The other day I was getting really frustrated by an issue with my iPad when it occurred to me that before I started doing frantic Google searches, I could try resetting it. I did, and the issue was solved.

My partner and I have a little Winnie the Pooh picture on a shelf in our living room. The quote on it says “Let’s begin by taking a smallish nap or two.”

When I remember to look at it, it always reminds me that it’s okay to “reset.”

What does it mean for us to “hit our inner reset button”?

Well, often when I work with a client, there’s a part of her that feels frantic about the issue that’s brought her to coaching. She’s convinced she needs to stay in this urgent space or the issue will never be resolved. If this frantic energy worked to solve the problem, however, she would never have sought out help. It’s fascinating how we can cling to the idea that “if I’m not super upset about it, nothing will change!”

I have the same tendency. I’ve gotten much better at observing it in myself, and calming it down before it wreaks further havoc, but, as I’ve often written here, going to the frantic push-push-push place tends to be my default.

So I, and my clients, need lots of reminders that, while the frantic feeling is indeed a signal to us that something needs our attention, we don’t have to solve the problem from that space.

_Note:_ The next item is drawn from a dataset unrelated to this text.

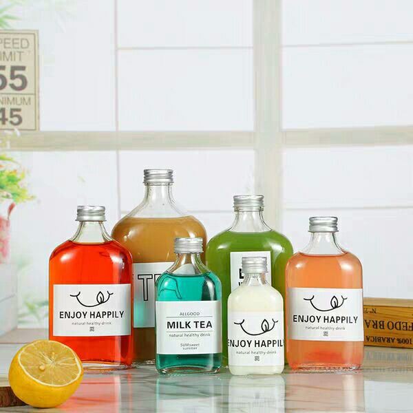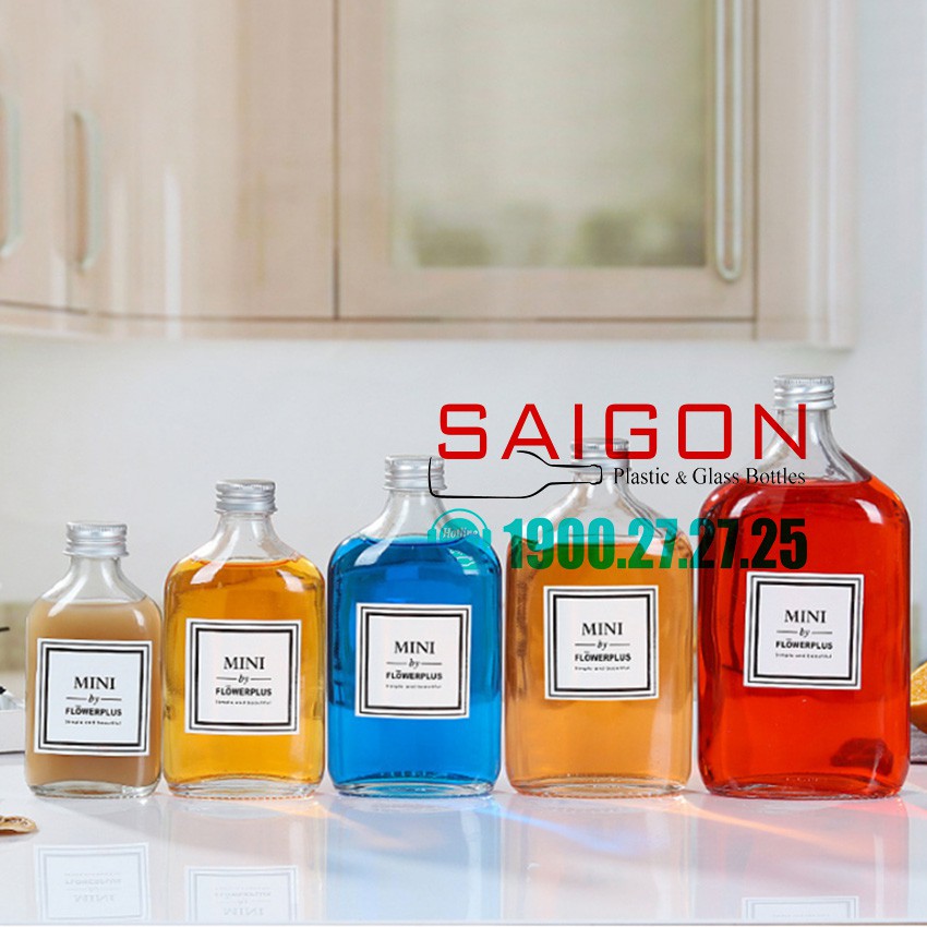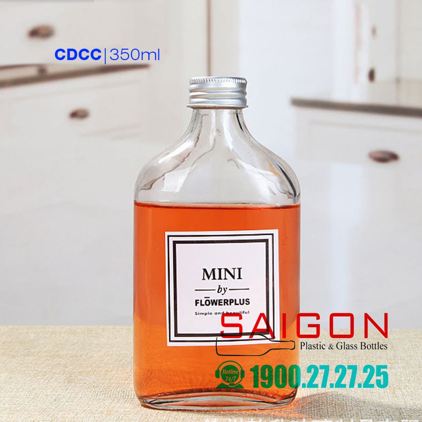 Chai Thủy Tinh Dẹp Cổ Cao Nắp Nhôm

In fact, not only will trying to solve the problem from that space usually exacerbate the feeling of urgency, it also closes us off from a distinct possibility: That whatever we’re sure needs to be solved may not actually have an external “solution.” It may require an inner shift from us — or, at minimum, we are not likely to see the true solution until we have experienced an inner shift to presence.

This is what “hitting reset” feels like for me: Permission to exhale. The recognition that, in this moment, I can only be where I am, doing the one thing that calls to be done, now.

That one thing might be doing laundry that’s piling up; it might be taking a “smallish nap”, as Pooh would advise; it might be starting a new blog post; it might be paying a bill.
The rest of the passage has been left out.